CJI-designate’s task cut out, to build bench strength

On August 28, when Justice Dipak Misra will take oath as the 45th Chief Justice of India (CJI), he will serve the longest tenure at the post after Justice S H Kapadia, who had a tenure of 870 days bef
Justice Dipak Mishra (left) and CJI J S Kehar
Justice Dipak Mishra (left) and CJI J S Kehar

NEW DELHI: On August 28, when Justice Dipak Misra will take oath as the 45th Chief Justice of India (CJI), he will serve the longest tenure at the post after Justice S H Kapadia, who had a tenure of 870 days before retiring in September 2012. Justice Mishra will be CJI for 400 days and will retire in October 2018. He will have the onerous task of appointing 10 judges.

However, Justice Mishra has to mediate between the Centre and judiciary over the Memorandum of Procedure (MoP), which has to guide all future appointments of judges. MoP is important for filling up the vacancies to fight the rising pendency the Indian judiciary is faced with.

The Supreme Court, which has a sanctioned strength of 31 judges, is working with just 27, including CJI J S Khehar, who will retire on August 27. He will be followed by Justice P C Pant, whose term also ends this year.
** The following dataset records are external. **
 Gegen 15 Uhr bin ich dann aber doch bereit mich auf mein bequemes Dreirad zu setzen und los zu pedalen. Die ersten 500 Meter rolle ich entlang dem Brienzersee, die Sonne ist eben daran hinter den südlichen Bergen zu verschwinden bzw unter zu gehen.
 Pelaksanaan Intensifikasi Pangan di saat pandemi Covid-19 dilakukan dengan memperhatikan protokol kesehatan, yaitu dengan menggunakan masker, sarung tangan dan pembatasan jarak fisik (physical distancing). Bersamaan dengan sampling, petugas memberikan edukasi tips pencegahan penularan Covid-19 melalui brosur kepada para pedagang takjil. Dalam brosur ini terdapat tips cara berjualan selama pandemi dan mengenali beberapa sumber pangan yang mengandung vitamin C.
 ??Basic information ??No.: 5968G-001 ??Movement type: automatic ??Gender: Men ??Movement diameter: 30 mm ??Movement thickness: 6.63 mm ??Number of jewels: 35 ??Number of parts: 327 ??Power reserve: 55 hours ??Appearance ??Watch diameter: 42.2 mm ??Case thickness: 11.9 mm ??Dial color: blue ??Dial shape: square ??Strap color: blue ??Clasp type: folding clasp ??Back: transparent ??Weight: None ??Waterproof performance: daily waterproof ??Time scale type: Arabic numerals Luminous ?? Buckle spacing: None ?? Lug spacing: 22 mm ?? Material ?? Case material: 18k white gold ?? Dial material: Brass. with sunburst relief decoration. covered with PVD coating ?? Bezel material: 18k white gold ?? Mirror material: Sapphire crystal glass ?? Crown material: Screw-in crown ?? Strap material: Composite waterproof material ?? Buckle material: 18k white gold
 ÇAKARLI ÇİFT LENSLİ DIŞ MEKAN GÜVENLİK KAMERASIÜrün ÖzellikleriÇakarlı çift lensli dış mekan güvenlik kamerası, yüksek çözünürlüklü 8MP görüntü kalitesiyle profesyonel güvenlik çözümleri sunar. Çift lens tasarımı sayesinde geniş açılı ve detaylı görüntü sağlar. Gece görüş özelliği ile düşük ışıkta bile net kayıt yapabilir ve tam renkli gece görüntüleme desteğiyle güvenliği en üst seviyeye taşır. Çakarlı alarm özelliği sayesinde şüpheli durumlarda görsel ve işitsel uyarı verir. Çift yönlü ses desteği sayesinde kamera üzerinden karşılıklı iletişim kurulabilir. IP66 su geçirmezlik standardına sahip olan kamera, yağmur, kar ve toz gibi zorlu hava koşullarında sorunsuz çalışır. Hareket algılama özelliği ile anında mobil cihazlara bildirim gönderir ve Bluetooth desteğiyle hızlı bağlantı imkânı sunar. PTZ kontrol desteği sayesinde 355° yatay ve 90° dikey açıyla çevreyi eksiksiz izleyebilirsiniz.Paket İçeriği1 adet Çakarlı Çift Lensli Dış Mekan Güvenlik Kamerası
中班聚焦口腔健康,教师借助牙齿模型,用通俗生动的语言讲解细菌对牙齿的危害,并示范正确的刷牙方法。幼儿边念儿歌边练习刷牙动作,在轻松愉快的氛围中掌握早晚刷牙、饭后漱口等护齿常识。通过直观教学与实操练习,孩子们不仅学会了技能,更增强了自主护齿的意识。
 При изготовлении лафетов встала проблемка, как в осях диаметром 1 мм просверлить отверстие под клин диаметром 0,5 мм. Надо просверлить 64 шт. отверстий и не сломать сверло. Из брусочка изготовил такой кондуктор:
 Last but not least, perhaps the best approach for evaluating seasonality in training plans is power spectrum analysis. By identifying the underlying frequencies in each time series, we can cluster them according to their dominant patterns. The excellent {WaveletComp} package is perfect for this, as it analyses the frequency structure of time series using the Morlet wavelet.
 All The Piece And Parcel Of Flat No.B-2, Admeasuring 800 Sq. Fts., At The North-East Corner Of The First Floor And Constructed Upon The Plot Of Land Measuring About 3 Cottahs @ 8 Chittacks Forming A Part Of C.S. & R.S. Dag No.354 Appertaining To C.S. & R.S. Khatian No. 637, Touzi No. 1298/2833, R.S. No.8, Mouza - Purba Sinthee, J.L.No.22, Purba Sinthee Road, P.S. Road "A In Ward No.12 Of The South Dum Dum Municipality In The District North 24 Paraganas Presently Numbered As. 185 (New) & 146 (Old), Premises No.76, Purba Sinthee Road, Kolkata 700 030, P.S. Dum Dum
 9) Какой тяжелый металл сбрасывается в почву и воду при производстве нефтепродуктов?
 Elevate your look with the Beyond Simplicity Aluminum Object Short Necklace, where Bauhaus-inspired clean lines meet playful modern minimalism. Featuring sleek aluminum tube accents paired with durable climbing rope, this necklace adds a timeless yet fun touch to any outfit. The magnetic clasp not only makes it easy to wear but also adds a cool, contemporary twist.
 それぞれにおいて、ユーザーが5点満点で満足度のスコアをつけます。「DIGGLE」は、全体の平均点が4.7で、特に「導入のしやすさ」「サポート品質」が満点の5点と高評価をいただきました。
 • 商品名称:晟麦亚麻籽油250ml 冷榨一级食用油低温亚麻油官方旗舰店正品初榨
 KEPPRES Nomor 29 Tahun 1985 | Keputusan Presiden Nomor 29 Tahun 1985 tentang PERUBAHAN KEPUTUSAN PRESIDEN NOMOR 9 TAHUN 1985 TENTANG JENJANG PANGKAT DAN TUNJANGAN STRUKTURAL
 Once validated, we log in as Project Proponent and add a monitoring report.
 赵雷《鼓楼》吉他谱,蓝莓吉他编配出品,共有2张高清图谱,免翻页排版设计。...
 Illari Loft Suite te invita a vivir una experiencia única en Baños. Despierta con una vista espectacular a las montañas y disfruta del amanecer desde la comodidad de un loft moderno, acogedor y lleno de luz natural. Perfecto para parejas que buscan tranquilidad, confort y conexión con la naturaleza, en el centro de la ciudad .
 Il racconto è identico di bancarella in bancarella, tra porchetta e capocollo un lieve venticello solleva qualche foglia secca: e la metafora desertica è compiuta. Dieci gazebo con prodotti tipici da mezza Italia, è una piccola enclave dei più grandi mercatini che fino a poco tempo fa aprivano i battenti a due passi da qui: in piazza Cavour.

Four more judges—Justices J Chelameswar, R K Agrawal, Adarsh K Goel and Amitava Roy—will retire before Justice Misra demits office on October 2, 2018.
The last appointments were made in February last, and since then the collegium has made no recommendation for appointment.

Known as a pro-citizen jurist, Justice Misra—the third CJI from Odisha after Justice Ranganath Misra, his uncle, and Justice G B Pattanaik—has to decide cases as crucial as the Ayodhya title dispute, the Sebi-Sahara payment row, the Aadhaar privacy issue and the Cauvery water dispute.

Justice Misra was part of the bench which, in an unprecedented pre-dawn hearing in July 2015, rejected Mumbai blasts convict Yakub Memon’s plea to escape the hangman’s noose. He also confirmed the death sentence to the four men in the 2012 Nirbhaya case.